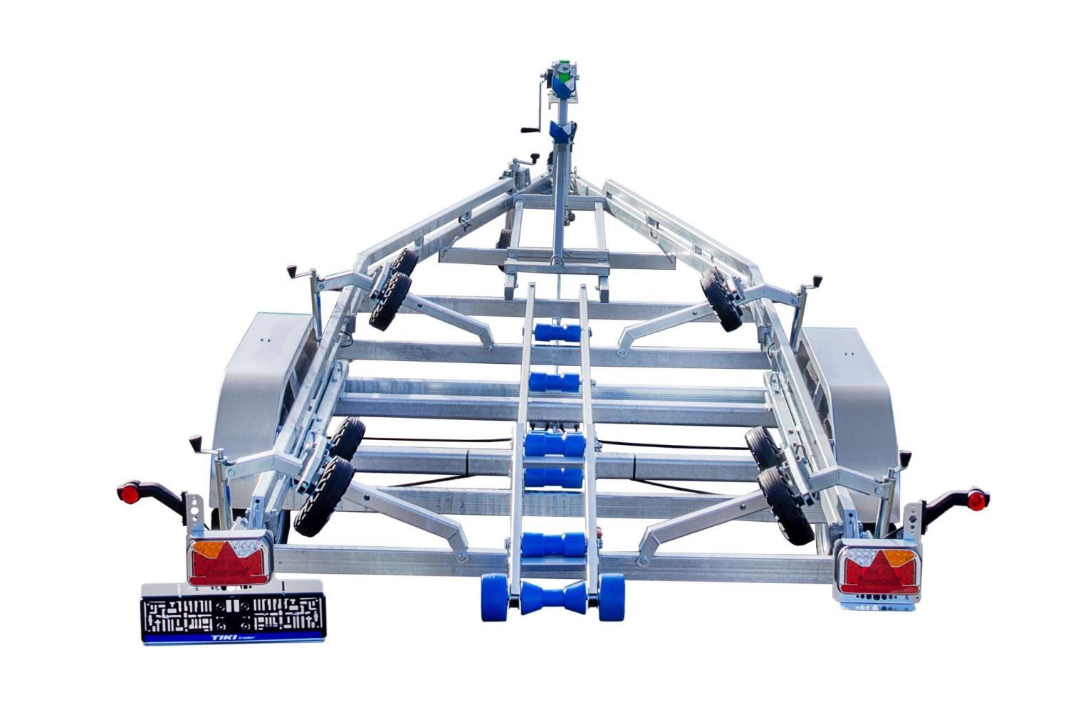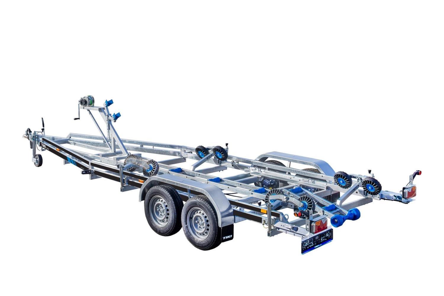 En bremset båthenger for båter opp til 25 fot og nyttelast på 2689kg. Med brems på hengeren er det tillatt å kjøre i opptil 80km/t på veier som har den fartsgrensen eller høyere. Helsveiset og varmgalvanisert dobbel A-ramme av firkantrør gir en stivere og meget solid henger. Manuell justering av sidestøttene gjør at denne hengeren kan tilpasses så å si alt av skrogtyper som finnes på markedet. Vinsjtårnet kan flyttes i hengerens lengderetning, så man kan balansere båten perfekt på tilhengeren. Den er utstyrt med dobbel myk bauggummi som beskytter skroget godt. En anerkjent kraftig Goliath vinsj følger med. Baklyktene er utvippbare med gassdemper som holder de på plass, så det er ingen behov for å ta de av, og fikle med ledninger. Hengeren er utstyrt med LED lys rundt baut, også baklys er LED. Ledningene er skjult i rammen. Stålskjermer som tåler opptil 100kg, gir lettere tilgang til båten når den står på hengeren. Surrefester til stropper er integrert i hengerens ramme, foran- i midten -og bak på hengeren. 14 tommers hjul gjør den fin å kjøre også i ulendt terreng. God kvalitet, enkel i bruk og skånsom mot båten. NB! Avbildet modell er BP2600-DRB/Manuell. BP3500-DRB/Manuell er noe lengre.
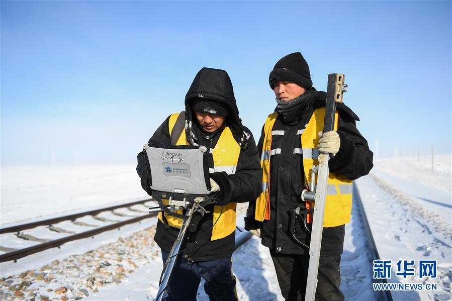 1月8日,西罗奇维修工队工作人员在嫩林线497公里处进行维修作业。新华社记者王毓国摄
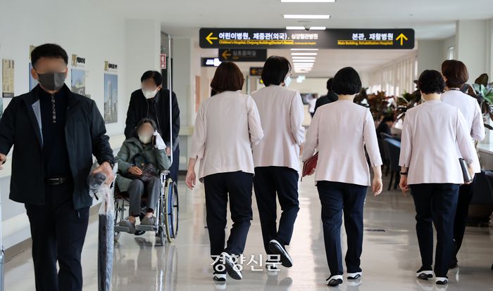 전국 의대 교수 집단 사직서 제출 이틀 차인 지난 26일 서울 시내 한 대학 병원에서 간호사들이 환자를 돌보기 위해 이동하고 있다. 조태형 기자

□ □ □ □ □

| What the exercise asks |
Everything from the line with "1月8日,西罗奇维修工队工作" through the last line of the listing above is to be copied exactly, both ends included, except the pictures.

| Exercise output |
 1月8日,西罗奇维修工队工作人员在嫩林线497公里处进行维修作业。新华社记者王毓国摄
 전국 의대 교수 집단 사직서 제출 이틀 차인 지난 26일 서울 시내 한 대학 병원에서 간호사들이 환자를 돌보기 위해 이동하고 있다. 조태형 기자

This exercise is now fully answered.